Aiming to provide a counter to the dogfighting dominance of the Hornet, the Aegis Sabre was announced as a dedicated dogfighter that leans on stealth and agility more than brute strength. There isn’t much more information available on it right now, but it’s on concept sale for $170 with lifetime insurance until October 19th. Also on sale are a variety of military ships. For 48 hours there is also an “Armada Pack” that includes all the military ships, the Sabre, and the Idris-P frigate for $2,500.

Squadron 42

Last week, the Roberts Space Industries website posted a lot of in-universe news dispatches about Vanduul raiding and decimating the Vega system. The Squadron 42 section of the presentation followed up on this lore with a cinematic from the game in which Admiral Ernst Bishop, the “Hero of Vega” who repelled the Vanduul there, gives an address to the UEE Senate proclaiming that the empire is already at war with the Vanduul, and that survival depends upon victory in that war.

Admiral Bishop is played by motion-captured Gary Oldman, sounding a lot older than his character model, whose face is captured in extreme detail. A featurette following the cinematic boasts of the lengths to which the developers have gone to do good facial animation and motion capture (at one point Oldman compares Roberts to George Lucas), but the rest of the cinematic looks kind of unfinished. There are repeated hairstyles and even models in the audience, some right next to each other, and these models are rubbery and barely at the quality one would expect out of an early ’00s game like Freelancer, much less a Cryengine game. However, it is “100% rendered in real-time in Cryengine”.

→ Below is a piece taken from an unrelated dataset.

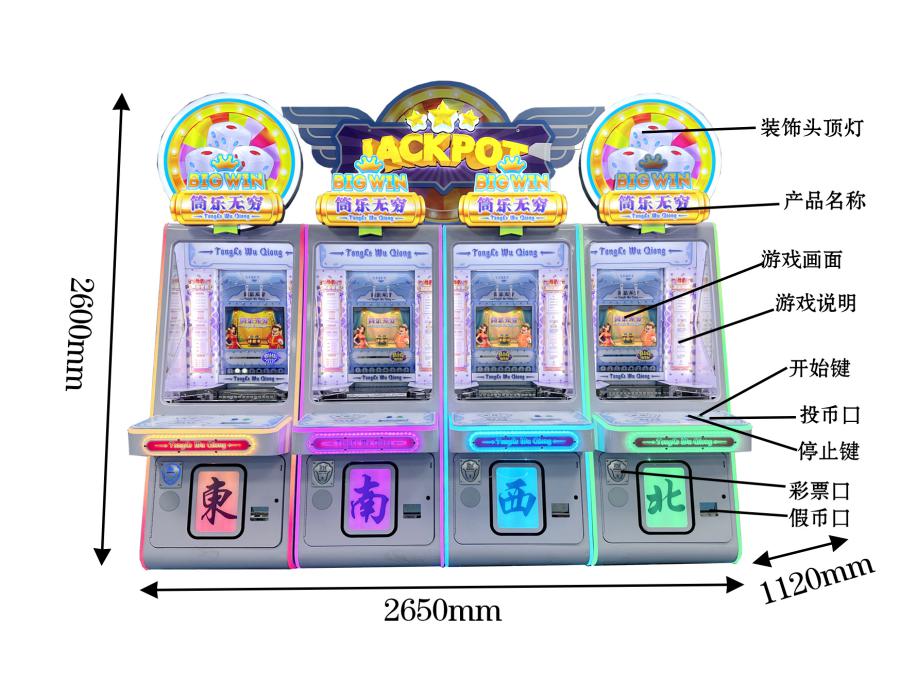 游戏内容简介 | 《筒乐无穷(立式 1-30 人位)》是为大众娱乐而设计的一款以推推乐为主题的推币类游戏游艺娱乐设备,本机支持合法合规的管理系统, 也可通过打开微信或支付宝扫一扫管理系统卡头二维码/屏幕二维码/实体二维码 扫码支付投币或投入实体游戏代币后玩家即可开始游戏。本机适用于网咖、竞技馆、动漫城、商超、台球俱乐部等符合经营许可的使用场所筒乐无穷》配有岛式 4 人。立式 1 人,立式 3 人连线,立式 4 人连线,立式 5 人连线机型, 可连接 30 位,多款颜色设计(颜色:白色、绿色、蓝色、黄色、红色)。《筒乐无穷》该游戏游艺设备以麻将为主要题材,融入堆币叠币推推乐的游戏玩法,包含了非常丰富的麻将特殊元素:如红中、八万、一筒、4条、七万、七条、伍筒、东风、一条;让整个游戏感受到浓浓的关于筒乐无穷》的气息。设备只退彩票不退币掉落的游戏代币只在机器内部循环不会掉落在机器外部。这运通道里,来启动屏幕里的小游戏,从而获得更多代币奖励掉落到堆盘。如果落入幸运通道,则启动屏幕小游戏:小玛利、叠叠乐、寻宝图、JP1、JP2、JP3, 当有三个红中图案出现在屏幕不同的位置时,就获得小游戏的额外奖励,获得更多从机器最顶端掉代币奖励到堆盘;如果游戏代币直接掉落到堆盘时,则堆盘推动游戏代币前进和叠加,当游戏代币滑落堆盘时,玩家可获得彩票奖励。小游戏;1 配备开心 30 秒,2 寻宝图,3一推到底,4彩金翻倍等小游戏。同时玩家可用获得的彩票奖励手动选择退实物彩票/电子彩票,可到店面吧台用彩票/电子彩票兑换精美礼品,也可以用手机扫卡头/屏幕二维码领取电子彩票,都可以链接到电子商城上选择心仪的礼品使用彩票/电子彩票兑换,填写正确的收货地址,商城将精美礼品通过快递送达。同时为了“顺应“互联网+”发展趋势,鼓励娱乐场所与互联网结合发展,实现场内场外、线上线下互动,增强娱乐场所体验式服务”的要求,本设备可以通过物联网技术把实体游戏游艺设备的游戏内容推送到移动端供客人游玩,仅限于从实体设备所在的公众号、小程序、APP 及网络推广平台入口进入的玩家游玩。 | ||

That said, the acting talent they’ve procured for Squadron 42 is still quite impressive: in addition to Gary Oldman, the billing lists Mark Hamill, Mark Strong, John Rhys-Davies, Jack Huston, Ben Mendelsohn, Andy Serkis, Harry Treadaway, Liam Cunningham, Rhona Mitra, Ian Duncan, Sophie Wu, Gemma Whelan, Craig Fairbrass, and Gillian Anderson. At the end of the cinematic, a title card says “2016.”

But that’s not all. A gameplay demo spins up afterward mostly showing the player walking around an Idris-M and listening to a chatty Irishman give a gossipy tour of the ship’s facilities and crew. The Idris is huge and pretty on the inside, and it’s crazy to imagine walking around one of these while it flies.

Happy Birthday

The presentation ends with a birthday cake for Star Citizen. Roberts thanks the backers for their support and they sing happy birthday. Roberts has a crisis of confidence over the right way to cut the cake, and another member of CIG took over.

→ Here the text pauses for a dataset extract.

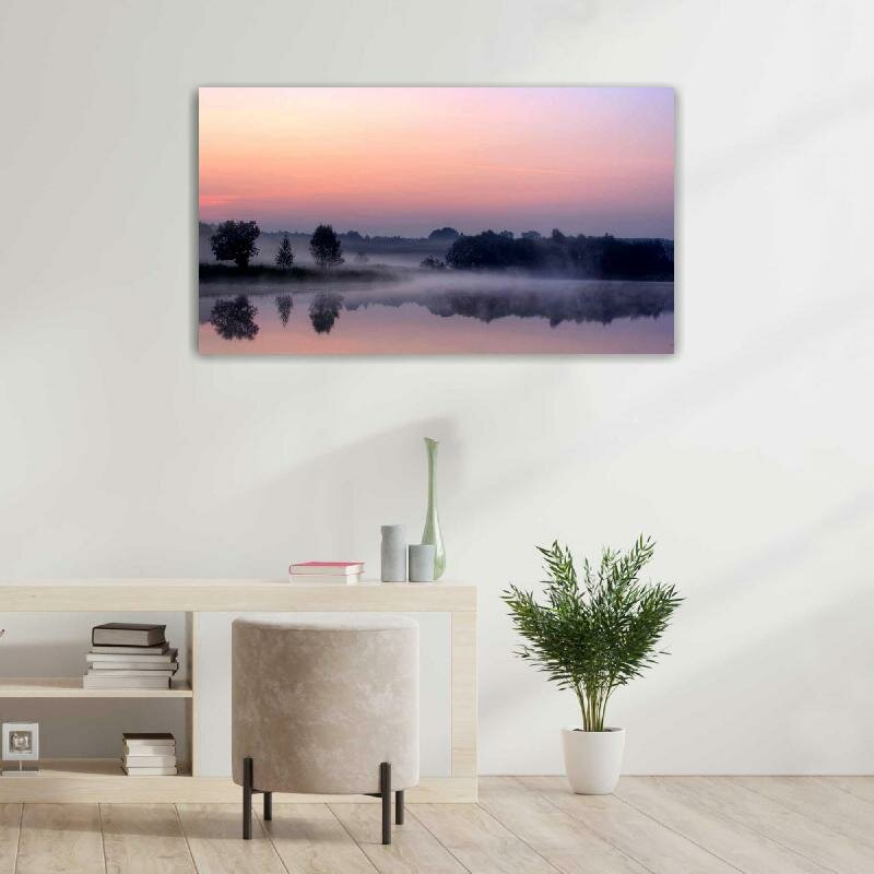 Купить Картина на холсте 60x110 LinxOne "Туман лес пруд Алексин рассвет" интерьерная для дома / на стену / на кухню / с подрамником

Overall, the Star Citizen persistent universe looks quite promising. While the presentation had a few questionable moments, the game demo largely earned its applause, though it remains to be seen how far off the “near future” release date is, and how the persistent universe will fare in the hands of players. TMC will be covering the release of Star Citizen’s persistent universe module, so stay tuned.

At the time of writing, Star Citizen has raised 92 million USD.